# How do you evaluate  csc^-1 (cos(4/7))?

May 27, 2018

#### Explanation:

The $\csc$ function takes in any input that's not an integer multiple of $\pi$, and returns a number from (–oo, –1]uu[1,oo):

graph{cscx [-10, 10, -5, 5]}

Thus, the inverse function csc^(–1) can take in any input from (–oo, –1)uu(1,oo) and return, by definition, any number in [–pi/2, pi/2] except $0 :$

graph{x=cscy [-10, 10, -1.6, 1.6]}

In order for csc^(–1)(cos (4/7)) to be a real number, $\cos \left(\frac{4}{7}\right)$ needs to be in the domain of csc^(–1). Meaning, $\cos \left(\frac{4}{7}\right)$ needs to be any real number not between –1 and $1.$ But since $\frac{4}{7}$ is not an integer multiple of $\pi ,$ we know $\cos \left(\frac{4}{7}\right)$ actually is between –1 and $1.$

Thus, $\cos \left(\frac{4}{7}\right)$ is not in the domain of csc^(–1), and there is no value for csc^(–1)(cos (4/7)).

May 27, 2018

This expression is undefined for $\cos$ and $\csc$ considered as real-valued functions.

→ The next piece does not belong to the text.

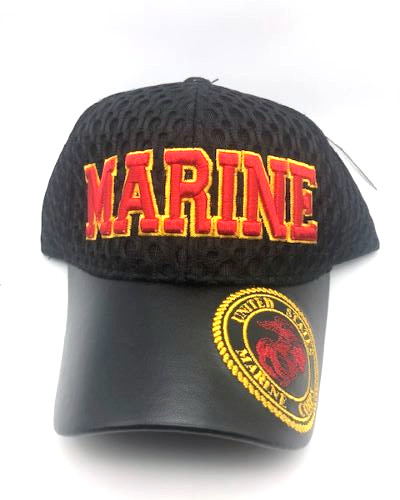 Nylon with leather bill U.S. Marine blaci Hat, with Velcro Back, Adjustable, one size fits most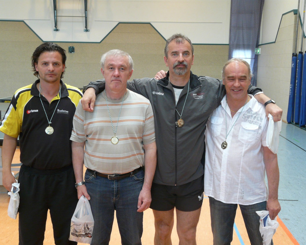 Senioren 50: Spannende Spiele gab es im Kampf um den Titel. Der FC Nordhalben konnte sich schließlich mit drei Siegen durchsetzen. Im entscheidenden Spiel wurde der TSV Musberg mit 4:3 Zähler besiegt. Zuvor gab es ein 4:1 gegen den TTC Weinheim und ein 4:2 über den TTV Schwarzenberg. Der FC Nordhalben startete mit Reiner Kürschner, Günter Fuhrmann, Rolf Eberhardt und Friedrich Tomaschko.

Note however that $\csc \left({\cos}^{- 1} \left(\frac{4}{7}\right)\right) = \frac{7 \sqrt{33}}{33}$

#### Explanation:

Note that as real valued functions:

$\cos \left(\theta\right) \in \left[- 1 , 1\right]$

$\csc \left(\theta\right) \in \left(- \infty , - 1\right] \cup \left[1 , \infty\right)$

Note that:

$0 < \frac{4}{7} < \frac{\pi}{2}$

and hence:

$0 < \cos \left(\frac{4}{7}\right) < 1$

So there is no real value of $\theta$ such that:

$\csc \left(\theta\right) = \cos \left(\frac{4}{7}\right)$

Footnote

I wonder whether the question should have actually been to find the value of $\csc \left({\cos}^{- 1} \left(\frac{4}{7}\right)\right)$, which we can do by considering a $4$, $\sqrt{33}$, $7$ right-angled triangle (since ${4}^{2} + {\left(\sqrt{33}\right)}^{2} = {7}^{2}$).

If so, then we find:

$\csc \left({\cos}^{- 1} \left(\frac{4}{7}\right)\right) = \frac{7}{\sqrt{33}} = \frac{7 \sqrt{33}}{33}$